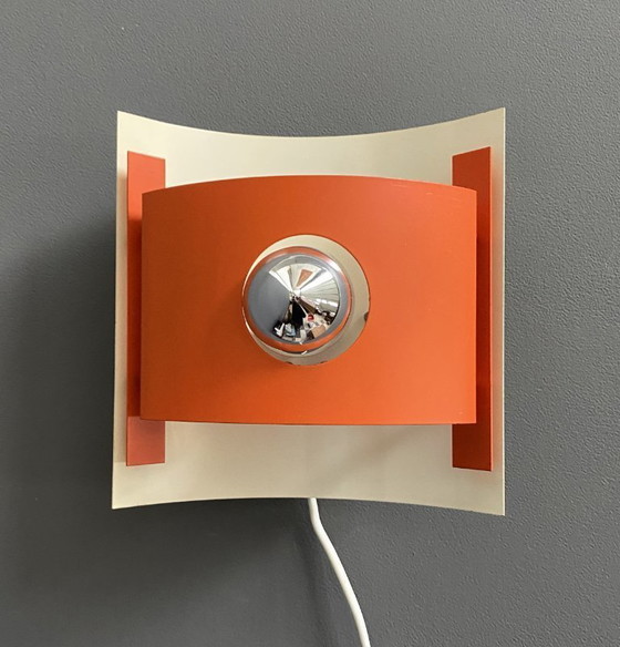 Oranje metalen Anvia Holland wandlamp uit de jaren 70, ruimtevaartstijl.
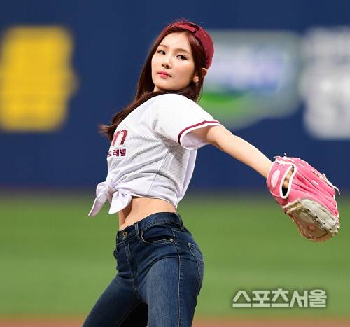 걸그룹 ‘엘리스’ 소희가 시구를 하고 있다.
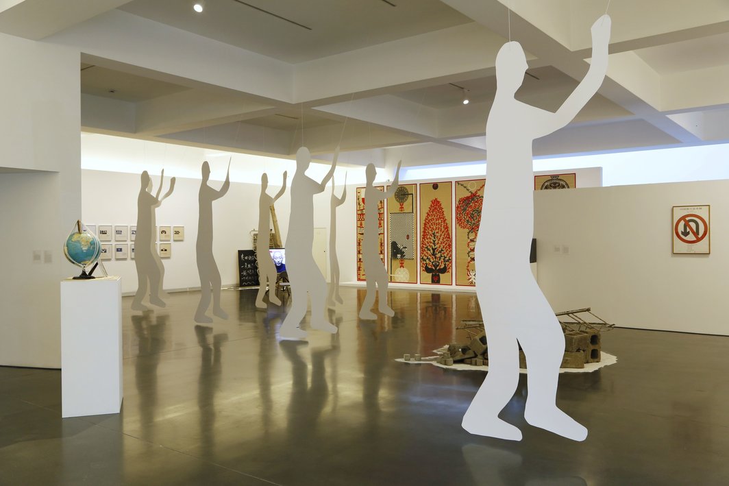 “巨浪与余音:重访1987年前后中国艺术的再当代过程”展览现场,2020. 图为池社作品《作品2号——绿色空间中的行者》,1986,白卡纸,高度3米,共9个,由艺术家授权北京中间美术馆复制.
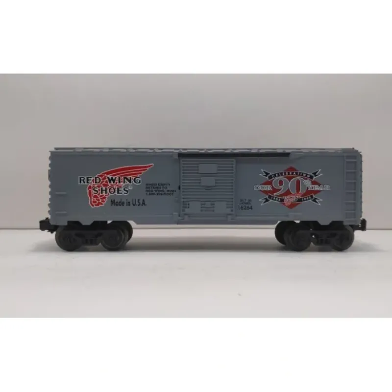 Here is a Lionel 6-16264 O Gauge Red Wing Shoes Boxcar #16264. This car features a durable plastic construction with sliding doors, plastic trucks, metal wheels and axles, operating knuckle couplers, and attractive decoration.
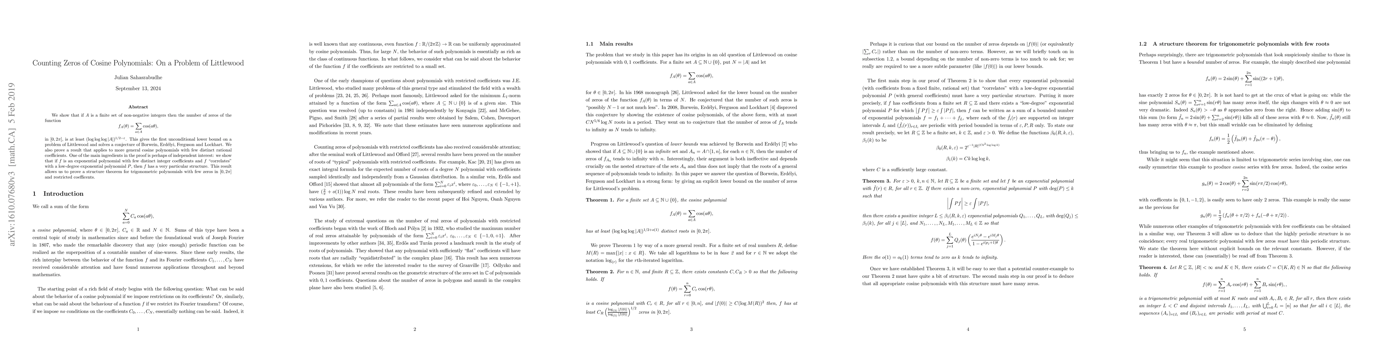 We show that if $A$ is a finite set of non-negative integers then the number of zeros of the function \[ f_A(\theta) = \sum_{a \in A} \cos(a\theta), \] in $[0,2\pi]$, is at least $(\log \log \log |A|)^{1/2-\varepsilon}$. This gives the first unconditional lower bound on a problem of Littlewood, solves a conjecture of Borwein, Erd\'elyi, Ferguson and Lockhart and improves upon work of Borwein and Erd\'elyi. We also prove a result that applies to more general cosine polynomials with "few" distinct rational coefficients. One of the main ingredients in the proof is perhaps of independent interest: we show that if $f$ is an exponential polynomial with "few" distinct integer coefficients and $f$ "correlates" with a low-degree exponential polynomial $P$, then $f$ has a very particular structure.
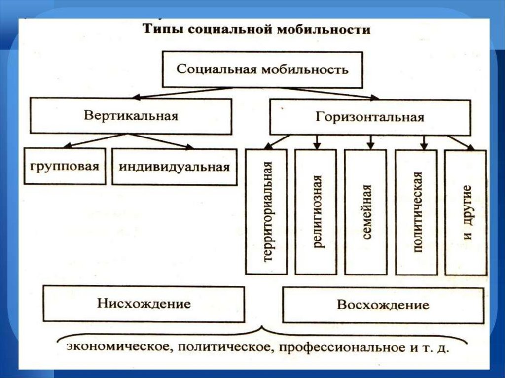 Социальная мобильность – изменение социального статуса,перемещение индивида (или социальной группы) между различными
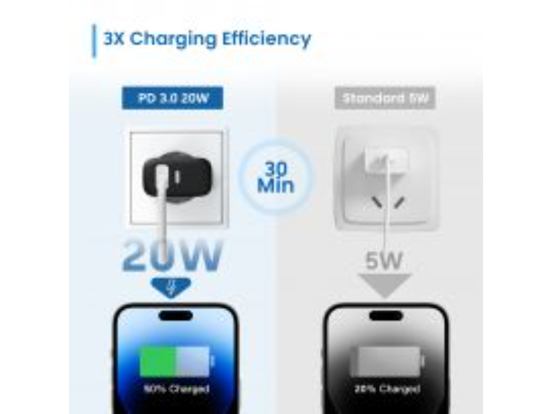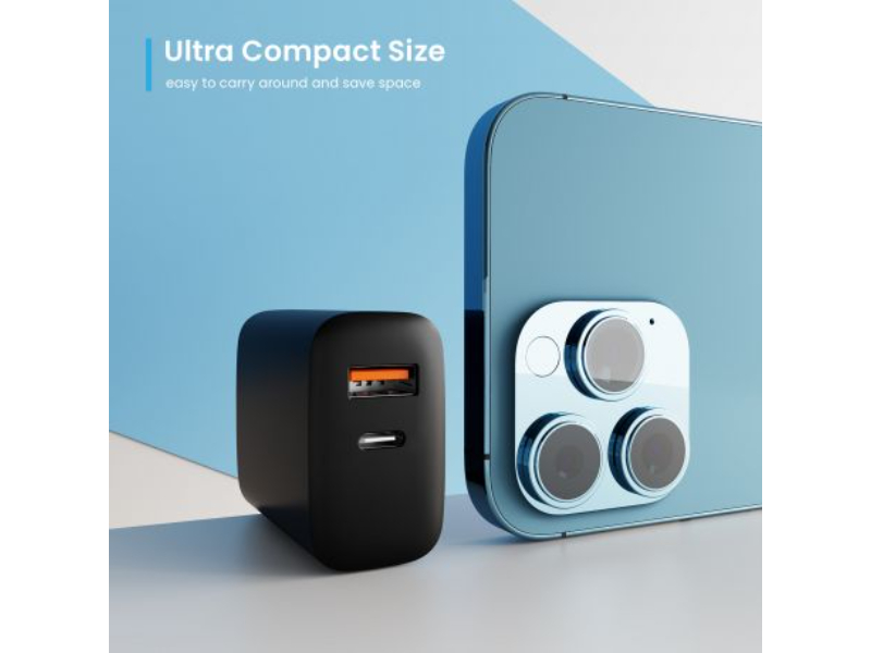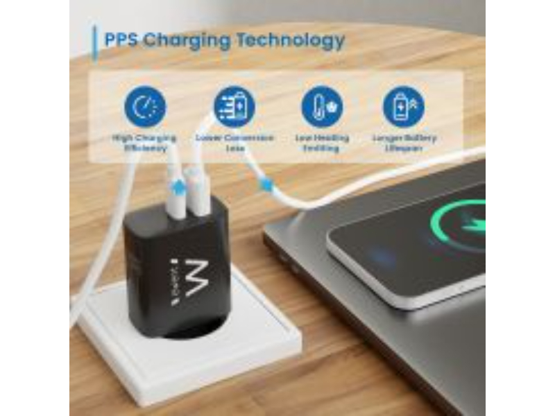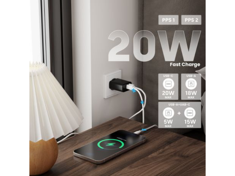 20W USB-C + QC3.0 Charger tem um PPS (Programmable Power Source) que é um padrão que se refere à tecnologia avançada de carregamento para dispositivos USB-C. Ele pode modificar a tensão e a corrente em tempo real, alimentando a potência máxima com base no status de carregamento de um dispositivo. A principal vantagem do PPS em relação a outros padrões é a sua capacidade de reduzir a perda de conversão durante o carregamento. Isso significa que menos calor é gerado, o que aumenta a vida útil da bateria do dispositivo.

## PROBLEM STATEMENT
Using the data above, copy exactly the lines from the one containing "걸그룹 ‘엘리스’ 소희가 시구를 하고 있다." to the one containing "We show that if $A$", inclusive. Exclude the pictures.

## RESPONSE
 걸그룹 ‘엘리스’ 소희가 시구를 하고 있다.
 “巨浪与余音:重访1987年前后中国艺术的再当代过程”展览现场,2020. 图为池社作品《作品2号——绿色空间中的行者》,1986,白卡纸,高度3米,共9个,由艺术家授权北京中间美术馆复制.
 Here is a Lionel 6-16264 O Gauge Red Wing Shoes Boxcar #16264. This car features a durable plastic construction with sliding doors, plastic trucks, metal wheels and axles, operating knuckle couplers, and attractive decoration.
 We show that if $A$ is a finite set of non-negative integers then the number of zeros of the function \[ f_A(\theta) = \sum_{a \in A} \cos(a\theta), \] in $[0,2\pi]$, is at least $(\log \log \log |A|)^{1/2-\varepsilon}$. This gives the first unconditional lower bound on a problem of Littlewood, solves a conjecture of Borwein, Erd\'elyi, Ferguson and Lockhart and improves upon work of Borwein and Erd\'elyi. We also prove a result that applies to more general cosine polynomials with "few" distinct rational coefficients. One of the main ingredients in the proof is perhaps of independent interest: we show that if $f$ is an exponential polynomial with "few" distinct integer coefficients and $f$ "correlates" with a low-degree exponential polynomial $P$, then $f$ has a very particular structure.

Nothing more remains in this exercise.